- _DATA EXCERPT_
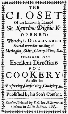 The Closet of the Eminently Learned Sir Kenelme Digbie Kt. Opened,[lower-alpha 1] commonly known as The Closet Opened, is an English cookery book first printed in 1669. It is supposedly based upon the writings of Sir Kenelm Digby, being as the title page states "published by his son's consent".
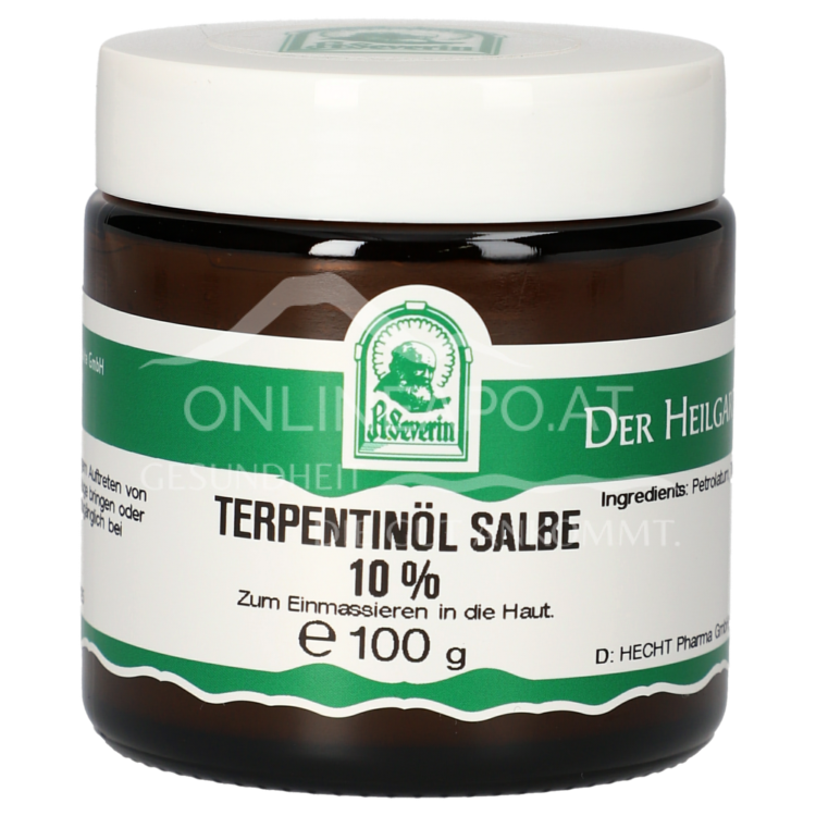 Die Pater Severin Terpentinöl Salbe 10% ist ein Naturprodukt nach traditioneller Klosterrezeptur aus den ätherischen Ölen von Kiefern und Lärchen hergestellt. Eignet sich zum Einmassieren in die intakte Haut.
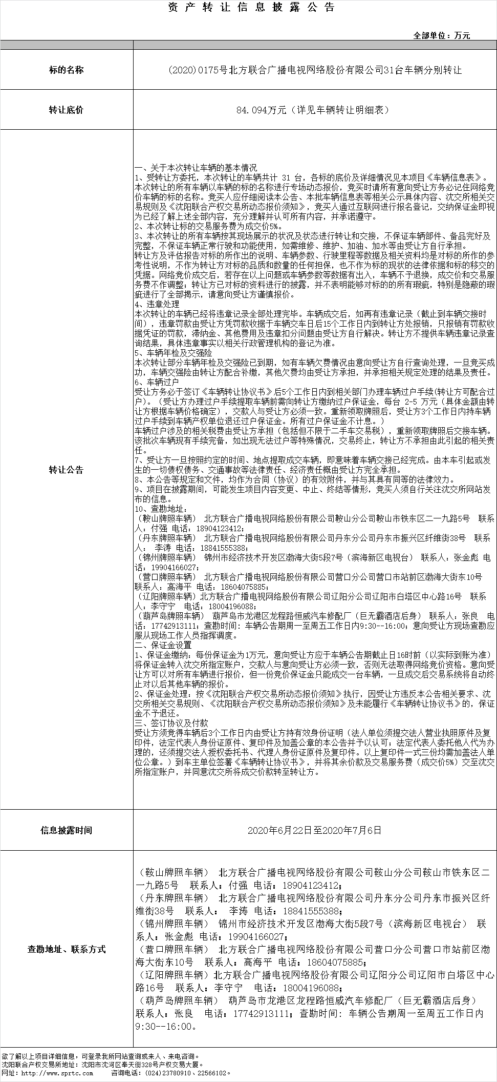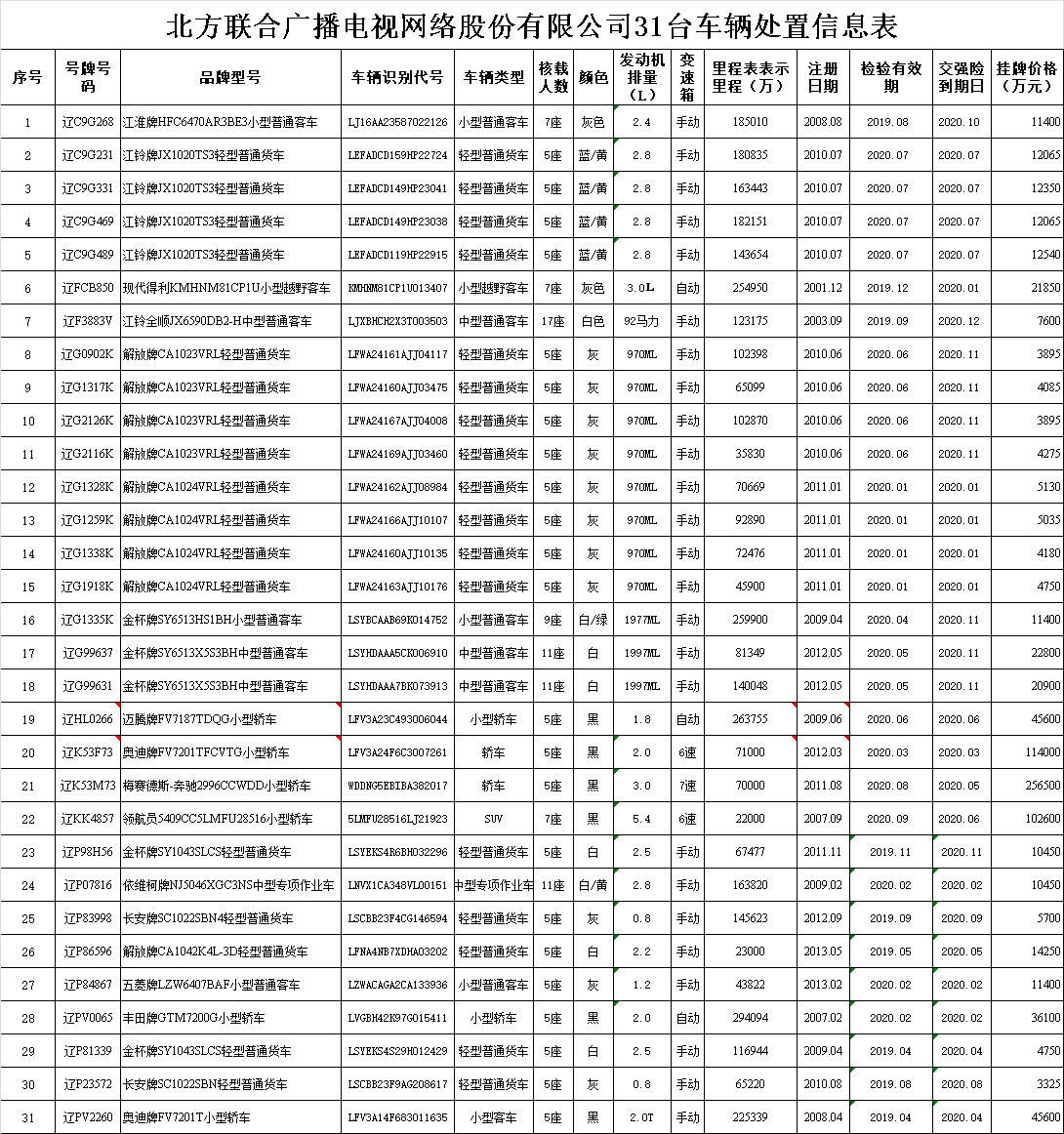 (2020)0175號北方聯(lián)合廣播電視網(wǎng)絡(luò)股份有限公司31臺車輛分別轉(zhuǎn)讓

- _WHAT YOU WILL DO_
Please give all of the data again, exact and free of pictures.

- _RESULT FOR THIS EXERCISE_
 The Closet of the Eminently Learned Sir Kenelme Digbie Kt. Opened,[lower-alpha 1] commonly known as The Closet Opened, is an English cookery book first printed in 1669. It is supposedly based upon the writings of Sir Kenelm Digby, being as the title page states "published by his son's consent".
 Die Pater Severin Terpentinöl Salbe 10% ist ein Naturprodukt nach traditioneller Klosterrezeptur aus den ätherischen Ölen von Kiefern und Lärchen hergestellt. Eignet sich zum Einmassieren in die intakte Haut.
 (2020)0175號北方聯(lián)合廣播電視網(wǎng)絡(luò)股份有限公司31臺車輛分別轉(zhuǎn)讓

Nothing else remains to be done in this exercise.